In the entries below, repeat only the lines between those holding "今日の献立は、ごはん・牛乳・むしぎょうざ・マーボーどうふ・ちゅうかサラダです。" and "Multi-script Handwritten Digit", inclusive. Leave pictures out.
[Opening Source data section]
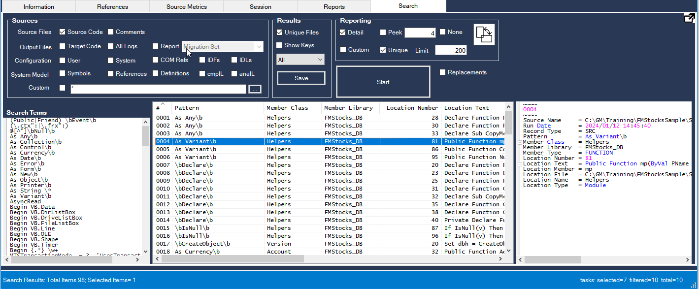 - Source Code indicates that the source code associated with the selected migration tasks will be searched.
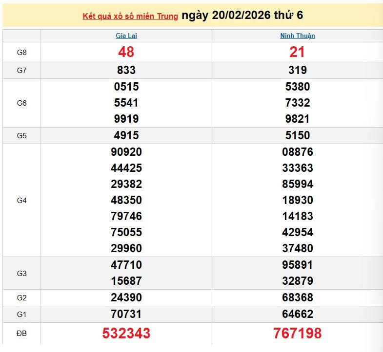 XSMT 20/2, KQXSMT 20/2. Xem lại kết quả xổ số miền Trung ngày 20/2/2026
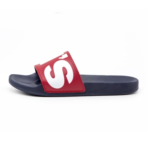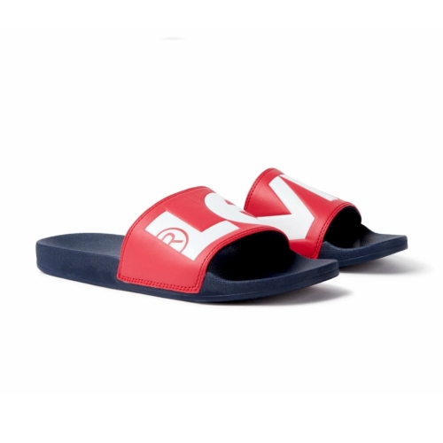 Chancla pala  azul y pala rojo  con logo de la marca en blanco, con carácter. Llévalos con sudaderas, vaqueros o pantalones cortos, en la playa, en una salida de BBQ o para ir a la aventura. Verás el género: son tus sandalias de corazón del verano, con el logotipo de Batwing Levi's.
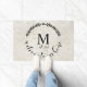Rustic Farmhouse Style Monogrammed Wood Doormat - Que maneira adorável de dar as boas vindas à sua família e amigos à sua casa no estilo da fazenda. Nossa porta rústica mostra seu Monograma rodeado por "bem-vindo à nossa casa" em bonito letras escritas, louros rústicos e um coração. O fundo da porta é madeira de pássaros rústicos. A porta faz parte de uma coleção. Nosso modelo fácil de usar torna fácil e conveniente personalizar sua porta. A porta faz parte de uma coleção. Projetada por Beverly Bainbridge Homespun Cottage Designs E: homespuncottagedesigns@gmail.com
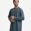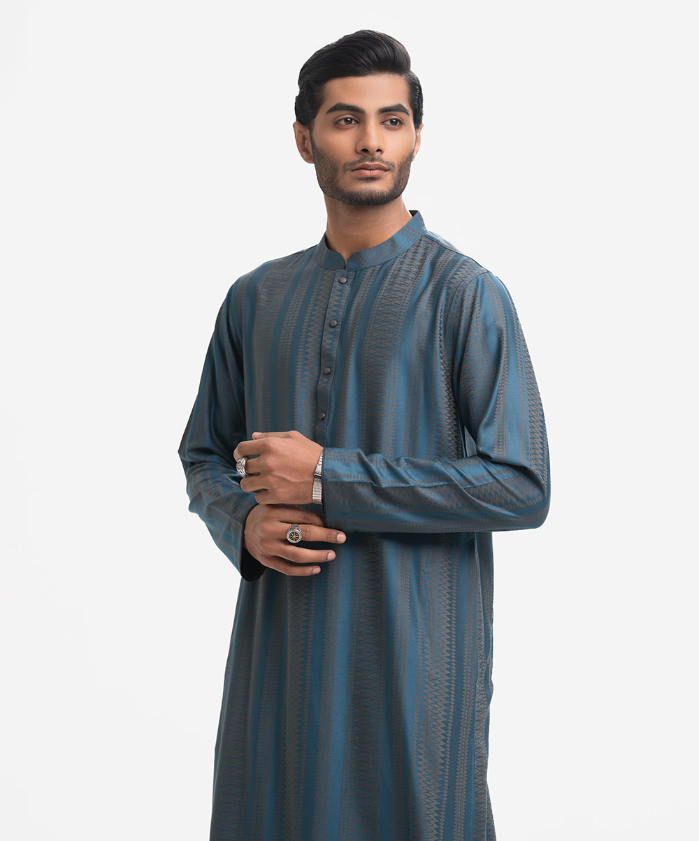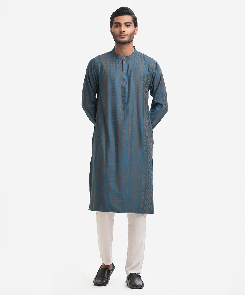 Men’s fitted panjabi in bamboo jacquard fabric. Long sleeves, inseam side pockets.
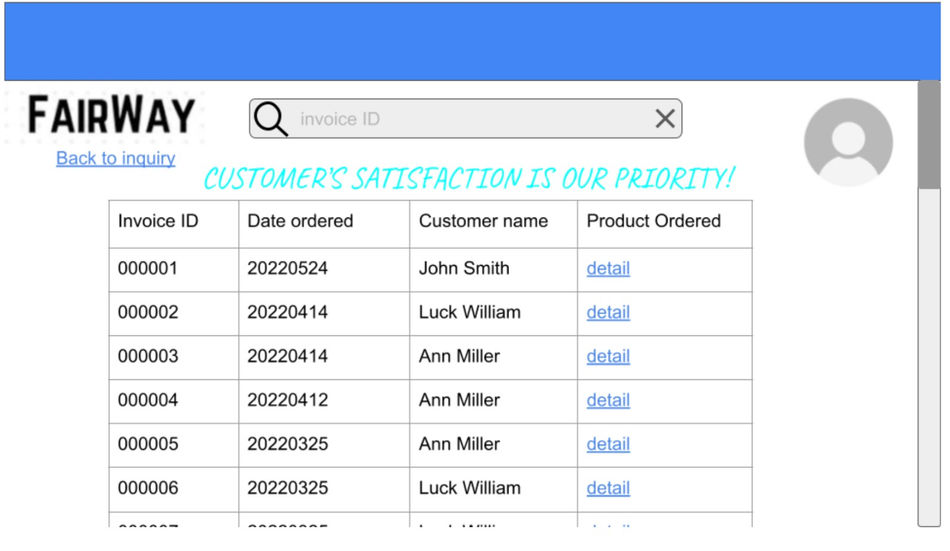 A customer is a person who purchases products that are marketed at FairWay. The system should allow the user to store the following information: their first and last name, unique ID, phone number, email, address, and an invoice that contains a list of purchased products. The system should also allow the customer to select products that they would like to buy and complete transactions.
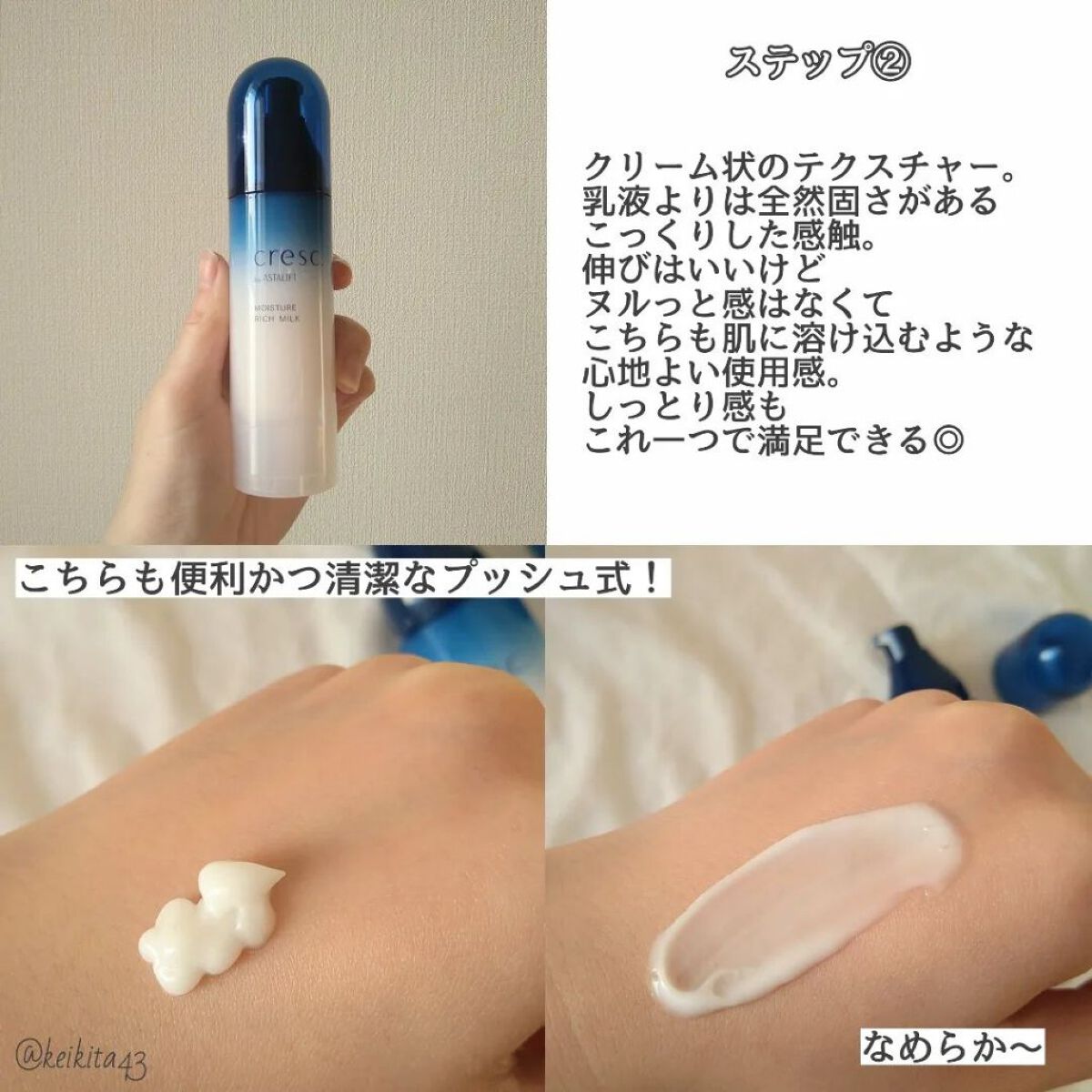 乳液よりクリームに近い ややこっくりめのテクスチャー 普通の乳液より保湿力高めで脂性肌さんとかはこの後にクリーム塗らなくてもこれ1本でいけちゃいそう◎ もうすぐ花粉の時期もくるしどんどん使っていくー😍 エアレス容器ににっています!
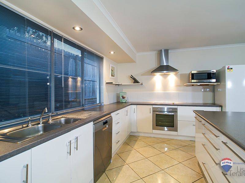 The kitchen features a breakfast bar and plenty of storage space. From there the home flows to the expansive weatherproofed covered outdoor entertaining area perfect for year-round alfresco dining and entertaining. Adjoining the extended pergola is the fenced landscaped back yard
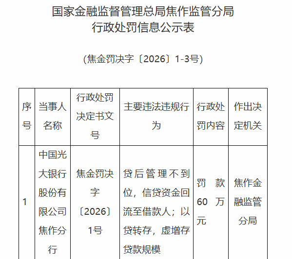 中国光大银行股份有限公司(简称“光大银行”,601818.SH)焦作分行存在以下违法违规事实:贷后管理不到位,信贷资金回流至借款人;以贷转存,虚增存贷款规模。焦作金融监管分局决定对其处以罚款60万元。
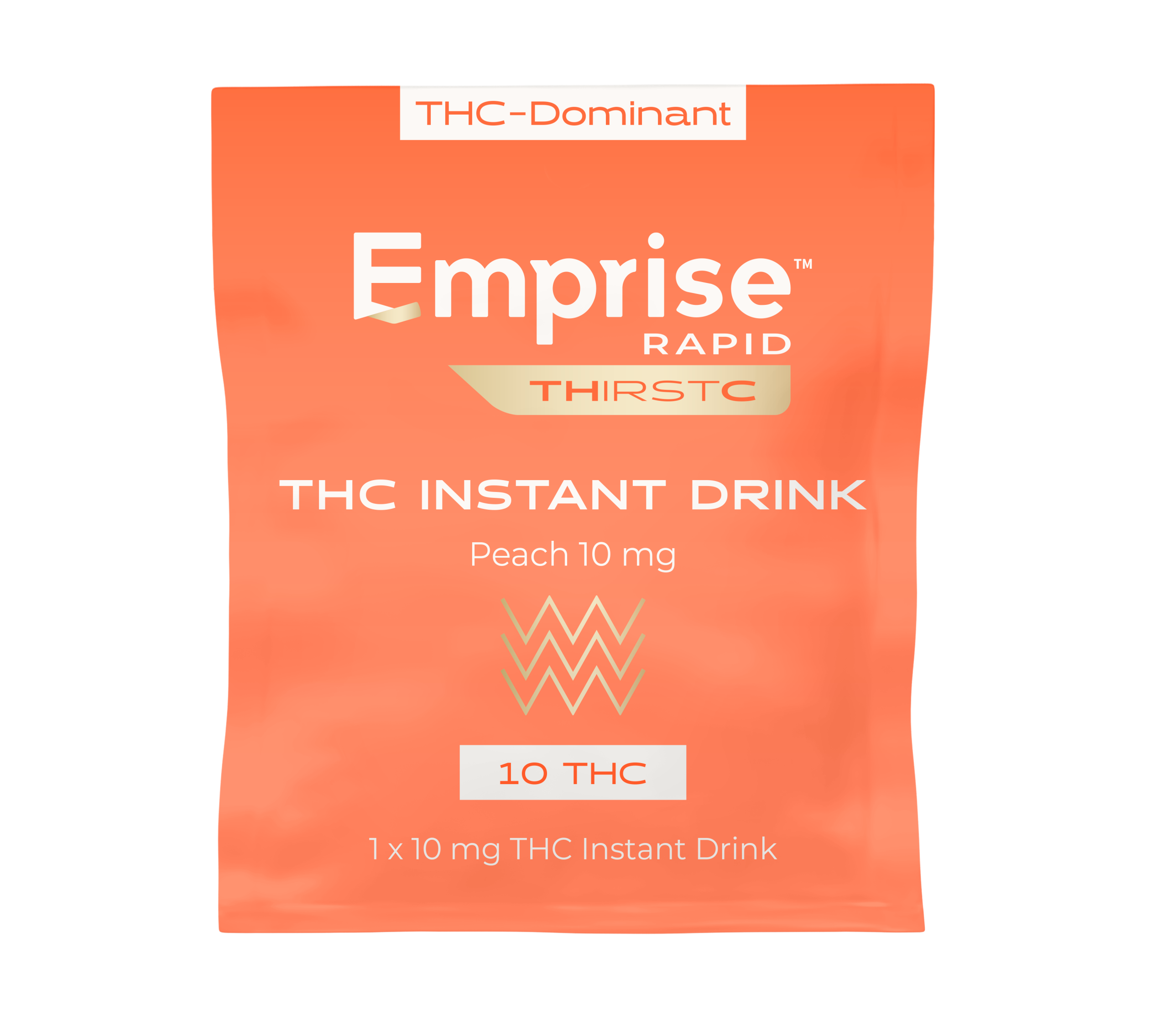 Emprise Rapid THirstC Peach 10mg THC Instant Drink is ready when you are, add to 250ml of Water and consume. Each sachet contains 10mg of Advanced Nano THC Emulsion that has a rapid onset in as little as 10-15 minutes.
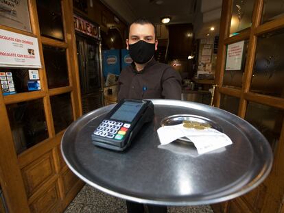 The coronavirus health crisis has prompted patrons to use more plastic in bars and restaurants, but only a slight fall has been seen in the gratuities they leave behind
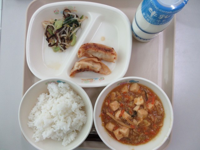 今日の献立は、ごはん・牛乳・むしぎょうざ・マーボーどうふ・ちゅうかサラダです。
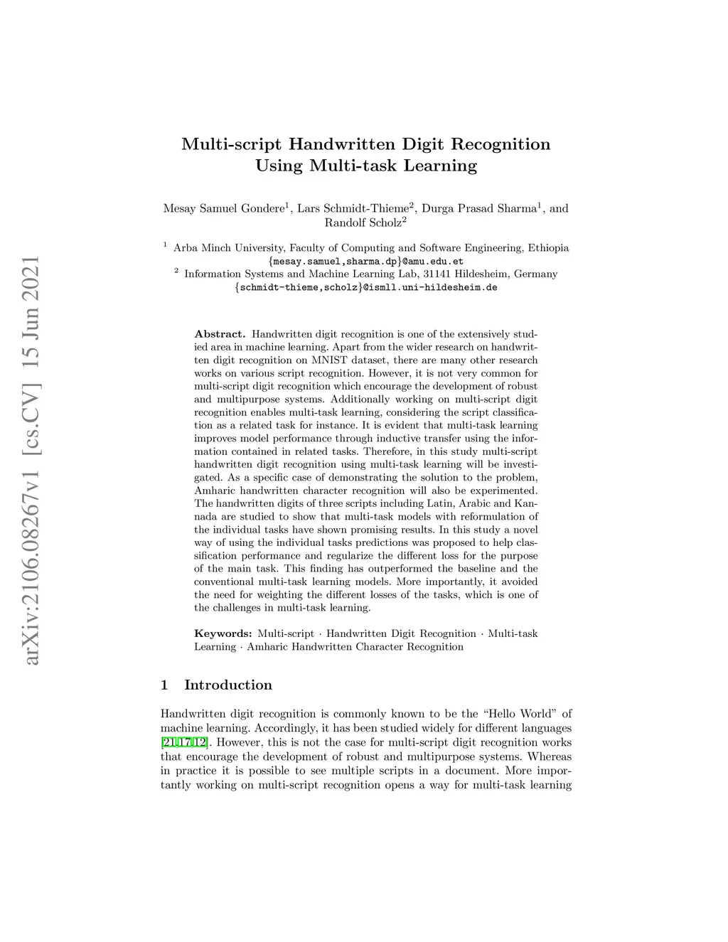 Multi-script Handwritten Digit Recognition Using Multi-task Learning
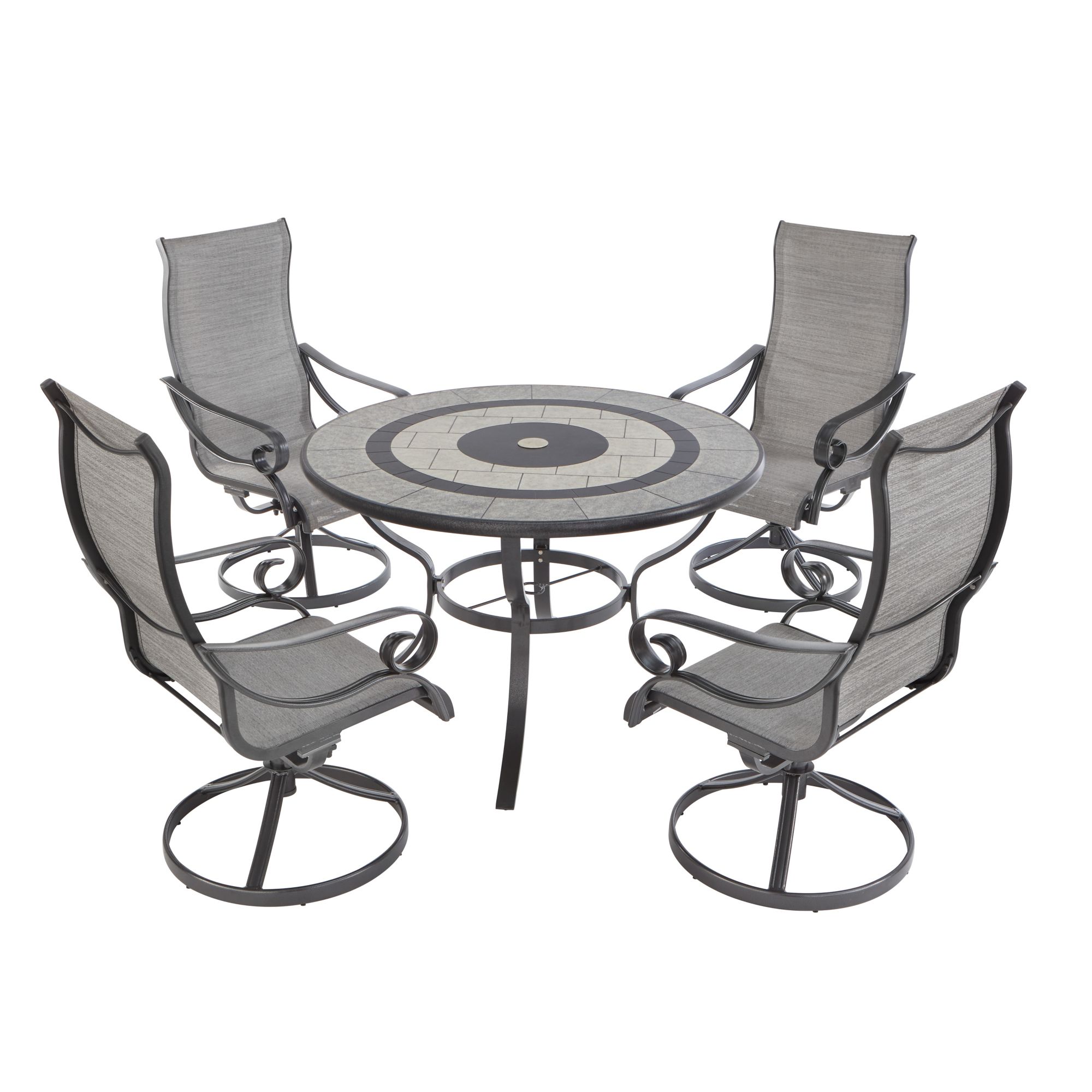 The Berkley Jensen Rowley 5-Piece Round Sling Dining Set is an all aluminum non-rust set, with all motion swivel rocking chairs. This set has a round dining table with an aluminum engraved faux stone tabletop, and a central hole for umbrella support. This set of five furniture pieces includes four dining chairs and one dining table.
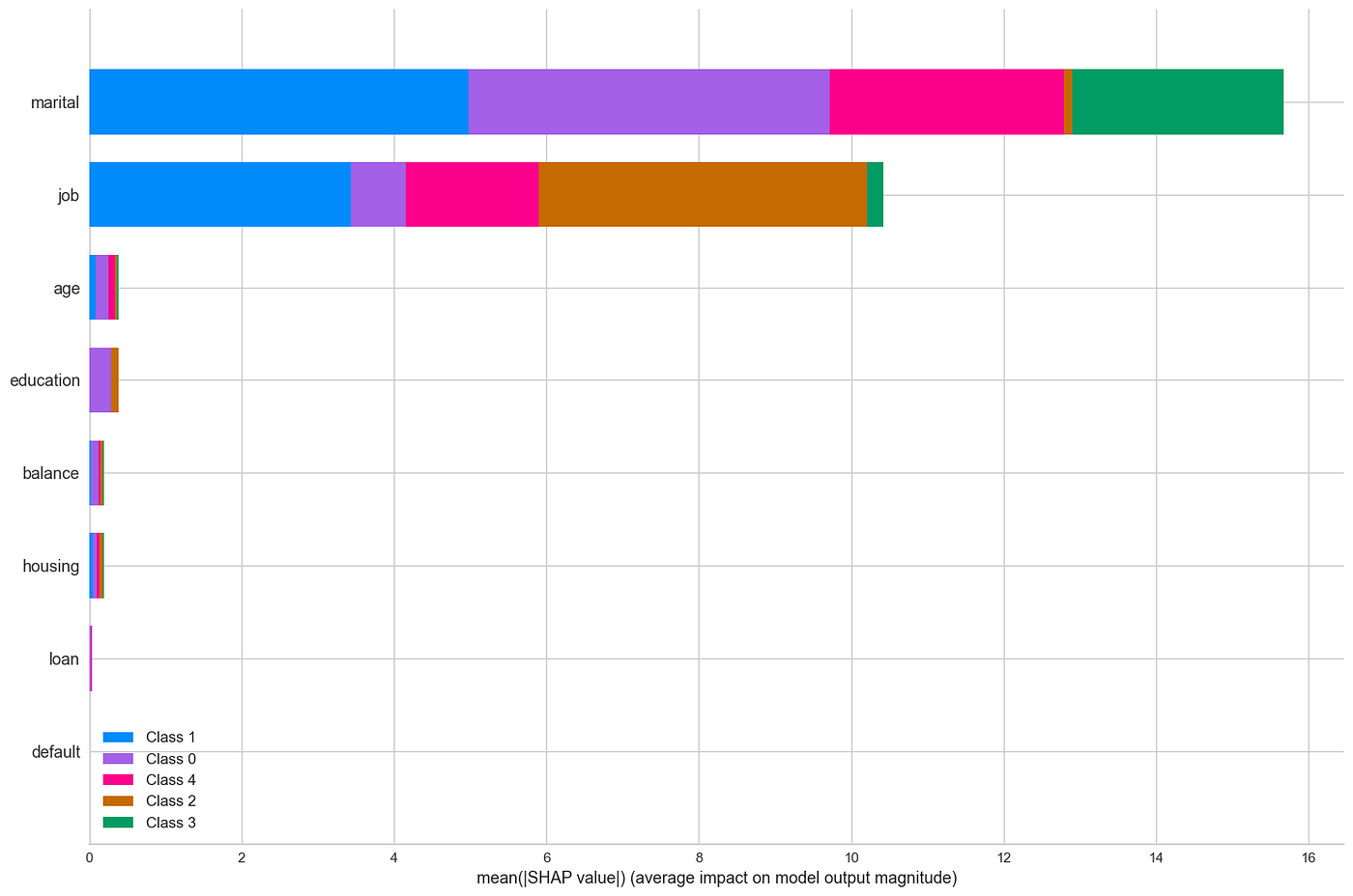 我们看到,这个模型主要基于“marital”和“job”变量。另一方面,我们看到有些变量没有提供太多信息。在实际案例中,应该创建一个没有这些信息量少变量的新模型。
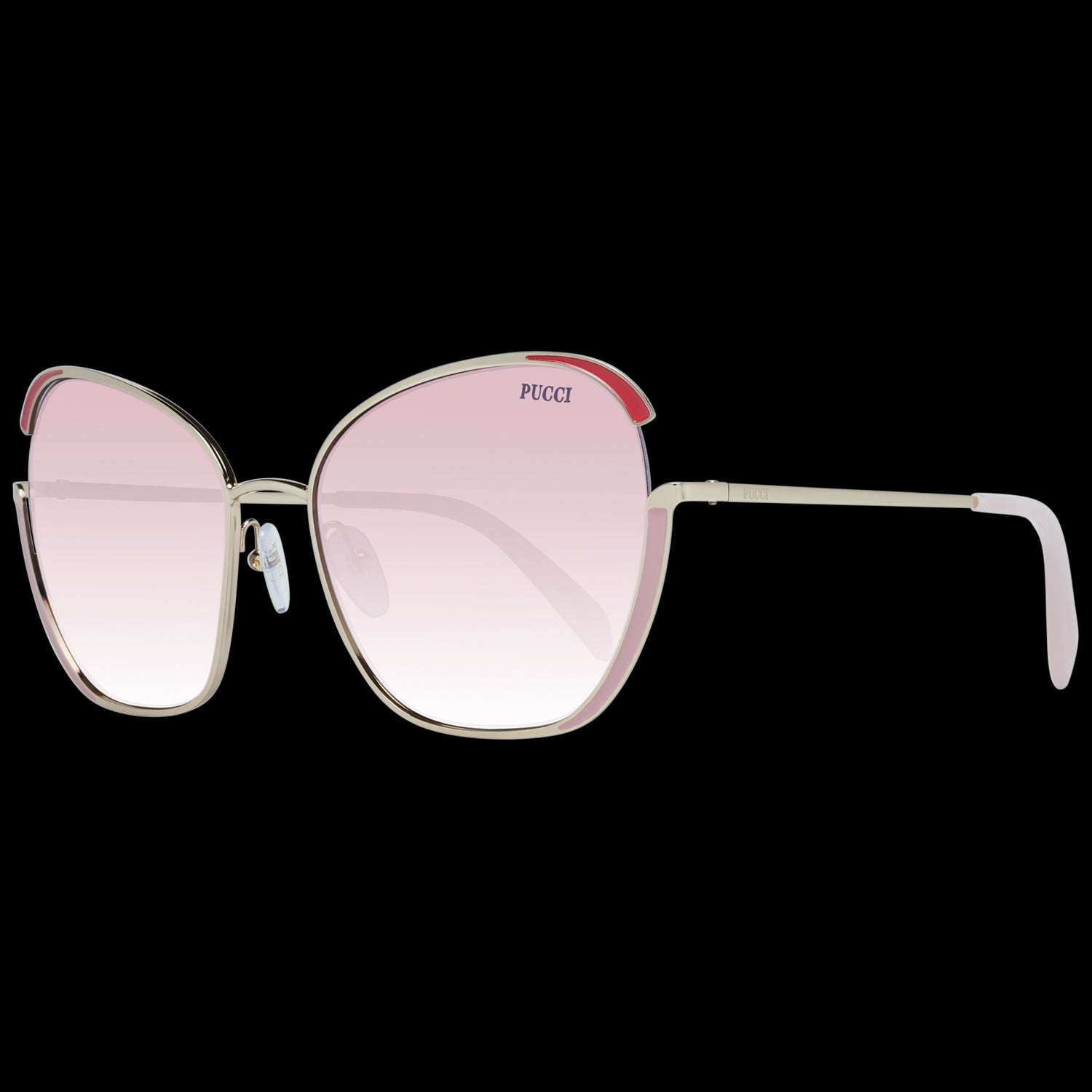 Gender Women Main color Gold Extra No extra Frame color Gold Frame material Metal Lenses color Rose Lenses material Plastic Filter category 2 Style Butterfly Lenses effect Gradient Protection 100% UVA & UVB Größe 58-19-135 Lenses width 58 Lenses height 54 Bridge width 19 Frame width 150 Temples length 135 Shipment includes Branded case Spring hinge No -
[Closing Source data section]
Result of the exercise:
 今日の献立は、ごはん・牛乳・むしぎょうざ・マーボーどうふ・ちゅうかサラダです。
 Multi-script Handwritten Digit Recognition Using Multi-task Learning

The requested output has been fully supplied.